Zu dieser Gesetzesstelle in eben dieser Fassung hat der Verwaltungsgerichtshof in seinem Erkenntnis vom 29. April 1998, Zl 97/16/0199, ausgesprochen, dass ein Kausalzusammenhang zwischen der Finanzierung von geförderten Objekten und dem der Gebühr grundsätzlich unterliegenden Rechtsgeschäft bestehen muss. Unter der Finanzierung sei dabei die Gesamtheit der Maßnahmen zur Beschaffung der Geldmittel für die Schaffung des (geförderten) Objektes zu verstehen. Sind die Geldmittel für das Objekt bereits beschafft, so bestehe grundsätzlich keine Ursache für die Beschaffung weiterer Geldmittel, sofern sich nicht ein über die ursprünglich projektierte Mittelsumme hinausgehender Bedarf herausstellt. Ein ursächlicher Zusammenhang zwischen dem geförderten Objekt und einem Rechtsgeschäft, das der bloßen Umschuldung der bereits im Kreditweg beschafften Geldmittel dient, bestehe nicht.

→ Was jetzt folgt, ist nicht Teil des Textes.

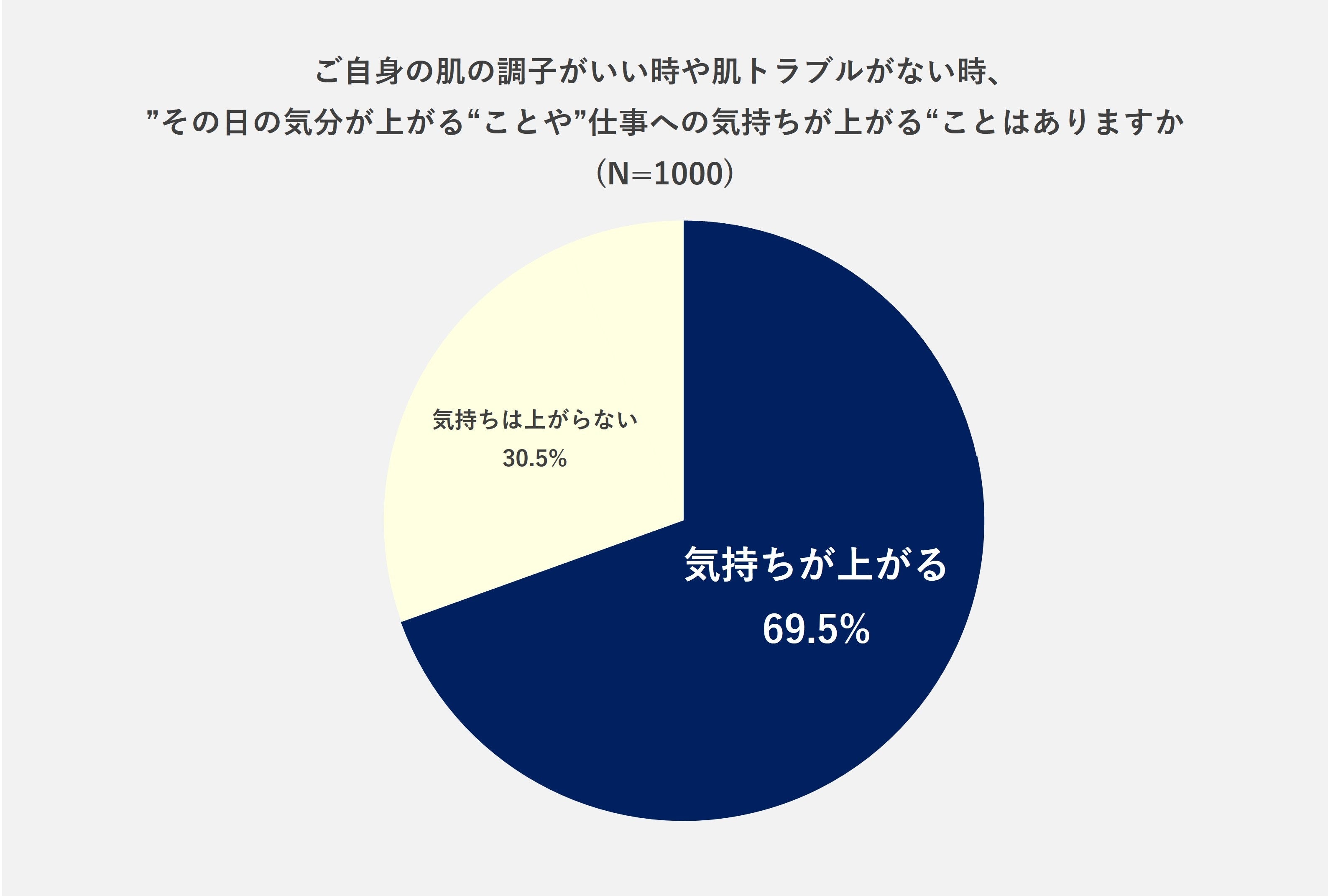約70%の方が『肌トラブルがないと仕事へのモチベーションが上がる』と回答しました。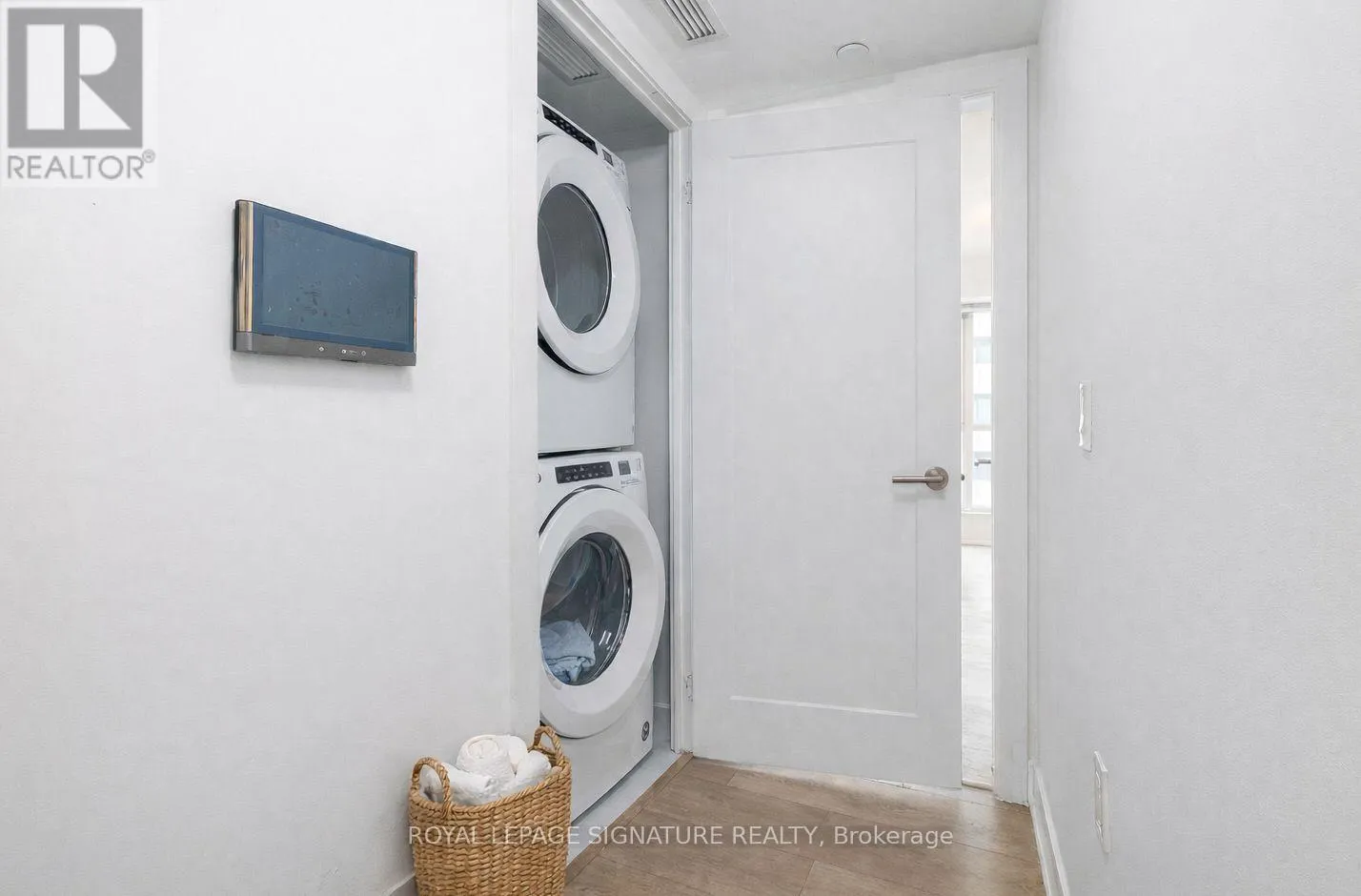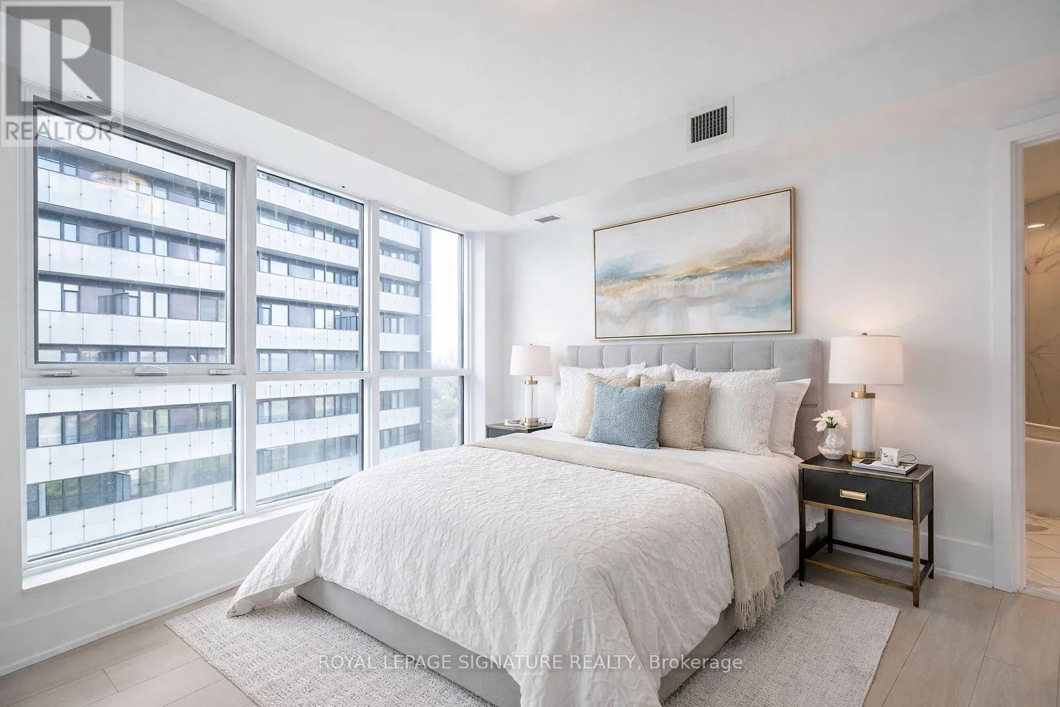 BLOOR /PARLIAMENT Experience elevated city living in this luxury southwest corner suite at Via Bloor. Thisspacious 2-bedroom, 2-bathroom residence offers 846 square feet of thoughtfully designed livingspace, featuring 9-foot ceilings, floor-to-ceiling windows, and an open-concept layout filledwith natural light. Step out onto your private balcony and enjoy beautiful southwest views withglimpses of the lake and the iconic CN Tower. The modern kitchen is designed for both style andfunction, featuring quartz countertops, integrated appliances including a dishwasher,contemporary soft-close cabinetry, and an energy-efficient 5-star design. The suite alsoincludes keyless entry, smart home technology that can be controlled through your phone orsmart panel, convenient ensuite laundry, and custom window treatments. Enjoy resort-styleamenities: rooftop pool with BBQ area, gym, yoga studio, sauna, and entertainment lounge.Perfectly located with the subway right at your doorstep and the Don Valley Parkway justminutes away, this home offers the ultimate blend of luxury, comfort, and convenience in one ofToronto's most connected neighbourhoods. (id:27476)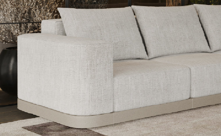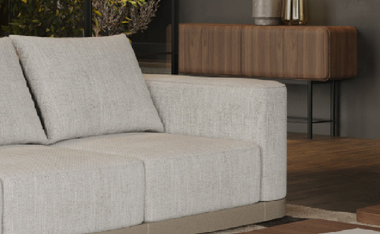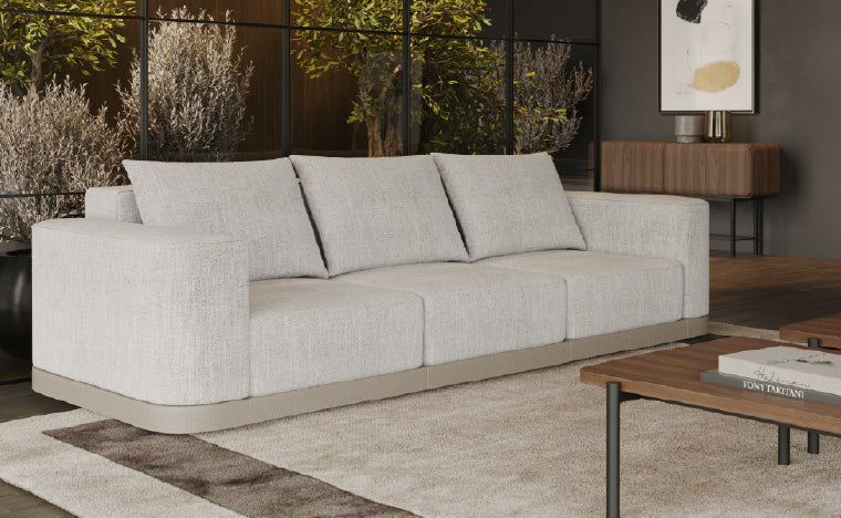 A base em tecido contrastante percorre todo o perímetro inferior do sofá, reforçando a sua estrutura e criando uma ligação subtil com os restantes elementos do ambiente. Um detalhe que destaca a linha e a intenção do desenho.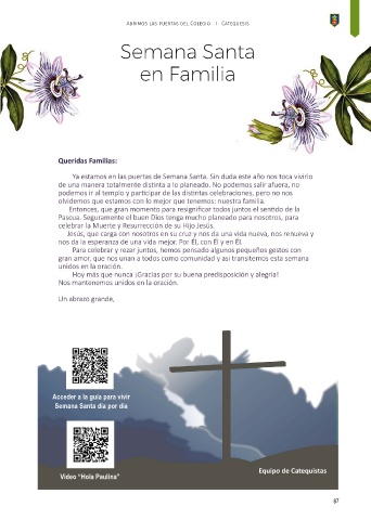 Abrimos las puertas del Colegio I Catequesis Semana Santa en Familia Acceder a la guía para vivir Semana Santa día por día Video “Hola Paulina” 87

Das Vorbringen der Beschwerdeführerin kann den Verwaltungsgerichtshof nicht veranlassen, von dieser Auffassung abzugehen. Der Begriff der Finanzierung, den der Gerichtshof in diesem Erkenntnis im Zusammenhang mit der Schaffung des Objekts gesehen hat, war dabei nach dem Wortlaut des Gesetzes und seinem Zusammenhang auszulegen. Dass die Betriebswirtschaftslehre einem solchen Begriff allenfalls einen anderen Inhalt beimisst, ist im gegebenen Zusammenhang nicht von entscheidender Bedeutung. Ob dem von der Beschwerdeführerin hervorgehobenen Begriff einer "Umfinanzierung" die Bedeutung von Umschuldung beizumessen ist, konnte dahingestellt bleiben, weil das Gesetz eben nicht von einer "Umfinanzierung", sondern von der "Finanzierung" spricht.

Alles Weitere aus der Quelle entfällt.